» Required work:
Look through the data below and show every line that includes "todas".

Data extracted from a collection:
::::

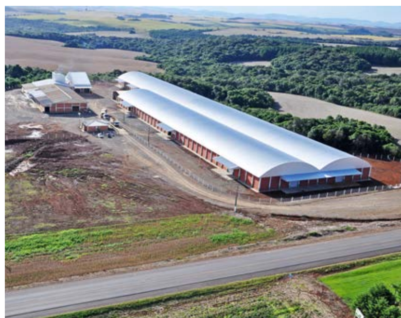
UBS localizada às margens da BR-470 em Campos Novos

Com os padrões de qualidade da cooperativa, além de amplo espaço adaptado para melhor atender os clientes e associados a Copercampos inaugurou em 2016 três novas Lojas. Localizadas nos municípios de Zortéa em Santa Catarina e nas cidades de Lagoa Vermelha e Sananduva no Rio Grande do Sul, as lojas contam com variedades de produtos, suporte em insumos e produtos para todas as atividades agropecuárias, além de material de construção.
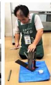
圧搾機でなたねをつぶすと…
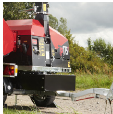
220° svängning är tillval (ökar vikt 80 kg)
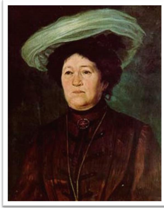
Görsel-1: Hasan Rıza, Bir Kadın Portresi, Tüyb, 62.5 x 50.5 cm, İstanbul Resim ve Heykel Müzesi

Hasan Rıza, oldukça ileri seviyede anatomi bilgisine sahip bir portre ressamıydı. Türk tarihinin önde gelen kişilerini resmetmiştir. Görseldeki kadın portresi tuvale dikey bir şekilde yerleştirilmiştir. Karşımızda modern giyimli orta yaş üstü bir kadın portresi bulunmaktadır. Boynunda ise bir broş ile kolye yer almaktadır. Oldukça donuk ve hüzünlü bir yüz ifadesine sahip olan figür, oldukça gerçekçi bir şekilde resmedilmiştir. Fondaki firuze rengi ile figürün üzerindeki elbiselerin rengi oldukça uyum içerisindedir (Gündüz, 2006: 38-156-157).
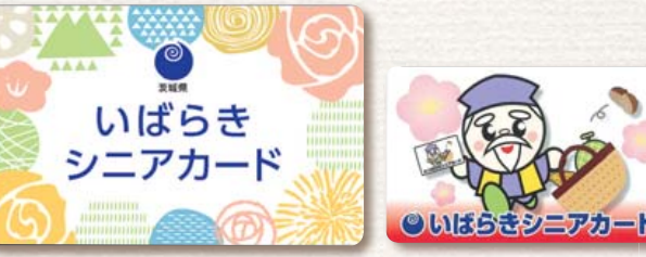
新カード 旧カード

4月1日より、「いばらきシニアカード」のデザインが新しくなりました。 シニアカードとは、65歳以上の方であれば、どなたでもご利用できるカードです。協賛店舗に提示すると、割引やポイント加算等のお得なサービスを受けることができます。長寿福祉課の窓口で配付を行っていますので、身分証明書 (生年月日がわかるもの) を持参のうえ、窓口までおこし下さい。 ※従来のデザインのものでも、これまでどおり利用する事は可能です。
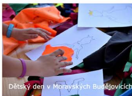
Dětský den v Moravských Budějovicích
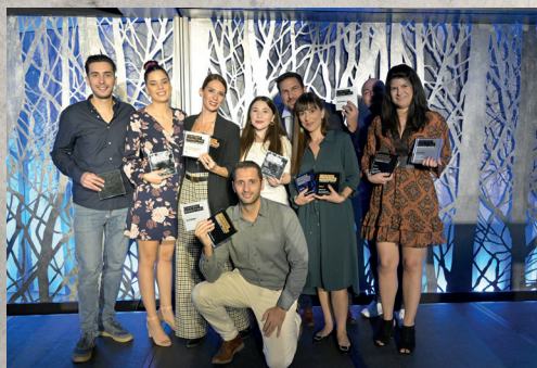
Content Brand of the Year, Durex
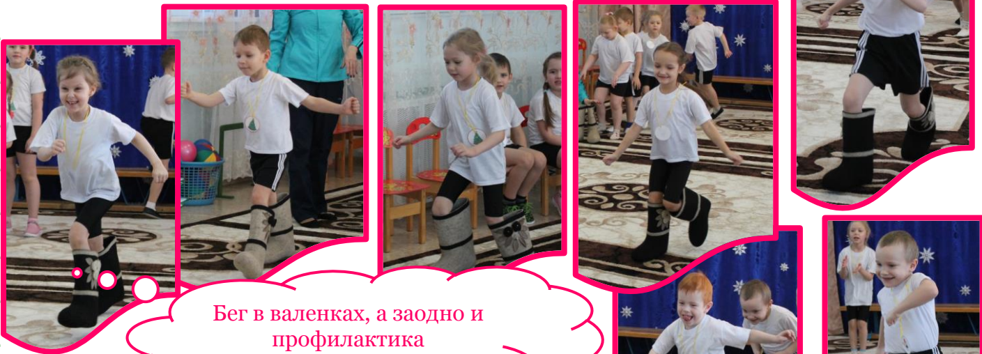
Бег в валенках, а заодно и профилактика простудных заболеваний
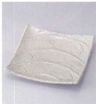
207-301-51 2,500円 ヒワ極み正角皿(大)(22.5×2) 520530151 207-302-51 1,350円 ヒワ極み正角皿(小)(18.5×2) 520530251
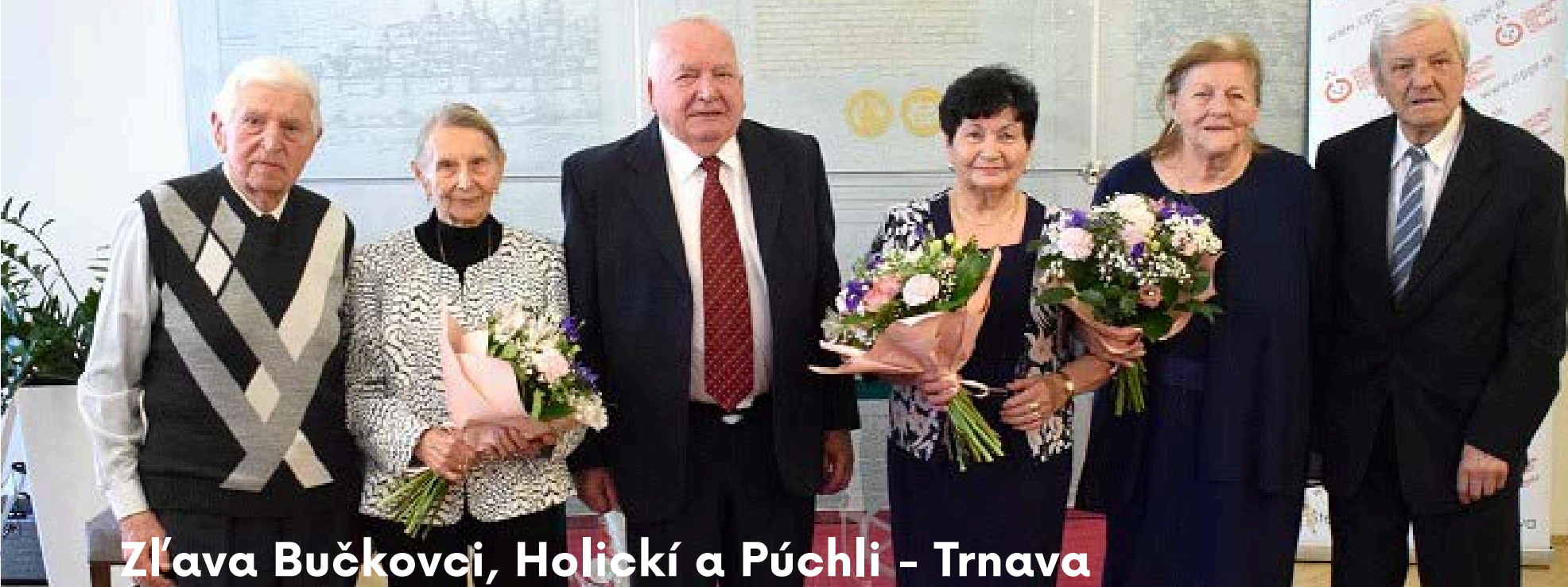
Zl'ava Bučkovci, Holickí a Púchli - Trnava
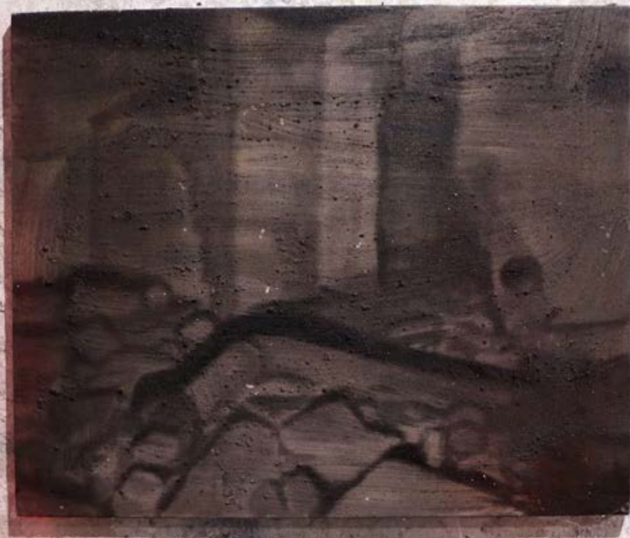
Everywhere at the end of times , 2025, sable, pigment et huile sur toile, 54x65 cm
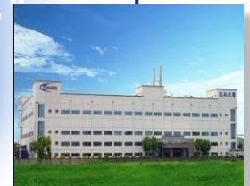
Zhong-Li, Taiwan 2000年設立
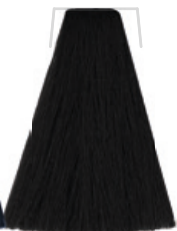
NERO / BLACK / NOIR / NEGRO ČERNÁ / SCHWARZ PRETO AZULADO
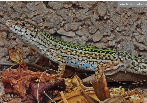
Figura 3: Macho adulto de Podarcis pityusensis presente en el puerto de Dénia.

(Figura 1), aunque es previsible que se extienda a otras zonas ajardinadas, descampados y muros del puerto, en especial las más próximas a los muelles de embarque de los ferris. Se desconoce desde cuándo están presentes en esta área, pero se han observado ejemplares de todas las clases de edad, así como interacciones reproductoras entre adultos (ver información complementaria: http://www.herpetologica.org/BAHE/videos/ms1011_podarcis_denia.mp4 ), por lo que parece que se ha establecido una población viable (Figuras 3 y 4). A diferencia de las otras poblaciones peninsulares de esta especie, que fueron introducidas por el ser humano de manera activa, todo indica que la población de Dénia se ha establecido a partir de transporte pasivo de ejemplares polizones en los ferris de la línea Dénia-Formentera.
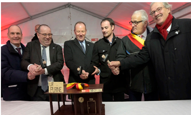
Symboliquement, une marmite représentant l'ancienne gare de La Plaine a été offerte en dégustation !
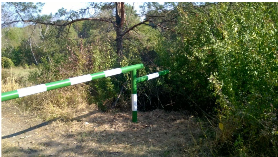
Ryc.3 Słupek zamykający
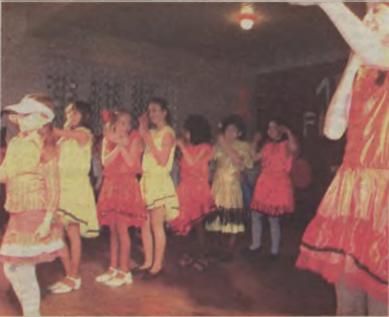
Atrakcją pokazu dziecięcego zespołu, działającego przy MGOK byli chłopcy przebrani w dziewczęce stroje i peruki.

W części artystycznej na scenie zaprezentowali swoje talenty zarówno ci najmłodsi, jak i starsi mieszkańcy miasta i gminy. Na przykład przedszkolaki wystąpiły z ciekawie ilustrowanymi ruchowo piosenkami, a członkowie sekcji OYAMA karate, działającej przy MGOK, z krótkim pokazem walki. Z kolei w pokazie miody na niepogodę, na wesoło, wystąpiły gimnazjalistki Zespołu Szkół w Tuliskowie, natomiast chór szkolny oraz solistki wykonały kilka piosenek. Ponadto z kilkoma utworami zaprezentował się na scenie zespół wokalny seniorów „Jesień”. ika

::::

» Written solution:
Com os padrões de qualidade da cooperativa, além de amplo espaço adaptado para melhor atender os clientes e associados a Copercampos inaugurou em 2016 três novas Lojas. Localizadas nos municípios de Zortéa em Santa Catarina e nas cidades de Lagoa Vermelha e Sananduva no Rio Grande do Sul, as lojas contam com variedades de produtos, suporte em insumos e produtos para todas as atividades agropecuárias, além de material de construção.
(Figura 1), aunque es previsible que se extienda a otras zonas ajardinadas, descampados y muros del puerto, en especial las más próximas a los muelles de embarque de los ferris. Se desconoce desde cuándo están presentes en esta área, pero se han observado ejemplares de todas las clases de edad, así como interacciones reproductoras entre adultos (ver información complementaria: http://www.herpetologica.org/BAHE/videos/ms1011_podarcis_denia.mp4 ), por lo que parece que se ha establecido una población viable (Figuras 3 y 4). A diferencia de las otras poblaciones peninsulares de esta especie, que fueron introducidas por el ser humano de manera activa, todo indica que la población de Dénia se ha establecido a partir de transporte pasivo de ejemplares polizones en los ferris de la línea Dénia-Formentera.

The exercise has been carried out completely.